● YOUR ASSIGNMENT:
Reproduce each line of the material exactly, minus any picture.

● DATA SEGMENT:

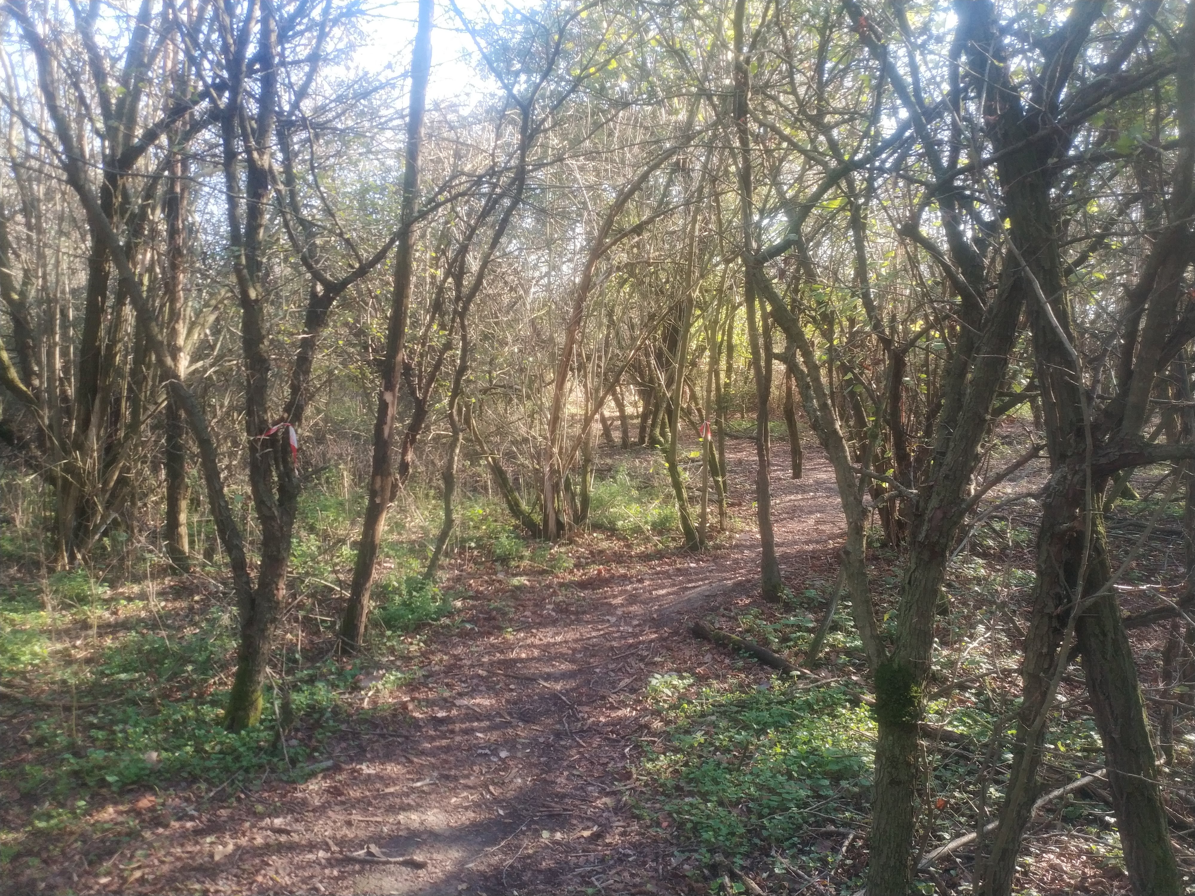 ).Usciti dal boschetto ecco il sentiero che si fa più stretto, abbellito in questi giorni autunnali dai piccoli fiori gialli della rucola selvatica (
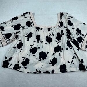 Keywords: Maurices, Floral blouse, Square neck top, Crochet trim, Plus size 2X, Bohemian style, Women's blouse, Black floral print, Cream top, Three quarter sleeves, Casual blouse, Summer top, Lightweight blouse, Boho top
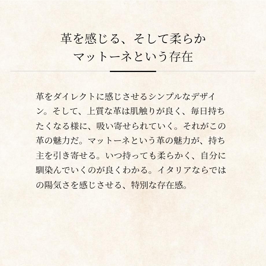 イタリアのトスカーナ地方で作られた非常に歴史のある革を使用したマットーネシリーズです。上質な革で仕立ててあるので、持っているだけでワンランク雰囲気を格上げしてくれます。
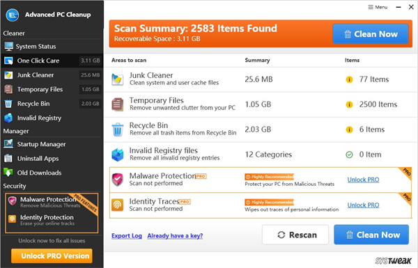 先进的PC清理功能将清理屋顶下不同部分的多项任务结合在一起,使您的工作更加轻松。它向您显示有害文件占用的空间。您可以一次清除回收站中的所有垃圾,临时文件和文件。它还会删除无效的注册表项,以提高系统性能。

● ANSWER TO THE EXERCISE:
 ).Usciti dal boschetto ecco il sentiero che si fa più stretto, abbellito in questi giorni autunnali dai piccoli fiori gialli della rucola selvatica (
 Keywords: Maurices, Floral blouse, Square neck top, Crochet trim, Plus size 2X, Bohemian style, Women's blouse, Black floral print, Cream top, Three quarter sleeves, Casual blouse, Summer top, Lightweight blouse, Boho top
 イタリアのトスカーナ地方で作られた非常に歴史のある革を使用したマットーネシリーズです。上質な革で仕立ててあるので、持っているだけでワンランク雰囲気を格上げしてくれます。
 先进的PC清理功能将清理屋顶下不同部分的多项任务结合在一起,使您的工作更加轻松。它向您显示有害文件占用的空间。您可以一次清除回收站中的所有垃圾,临时文件和文件。它还会删除无效的注册表项,以提高系统性能。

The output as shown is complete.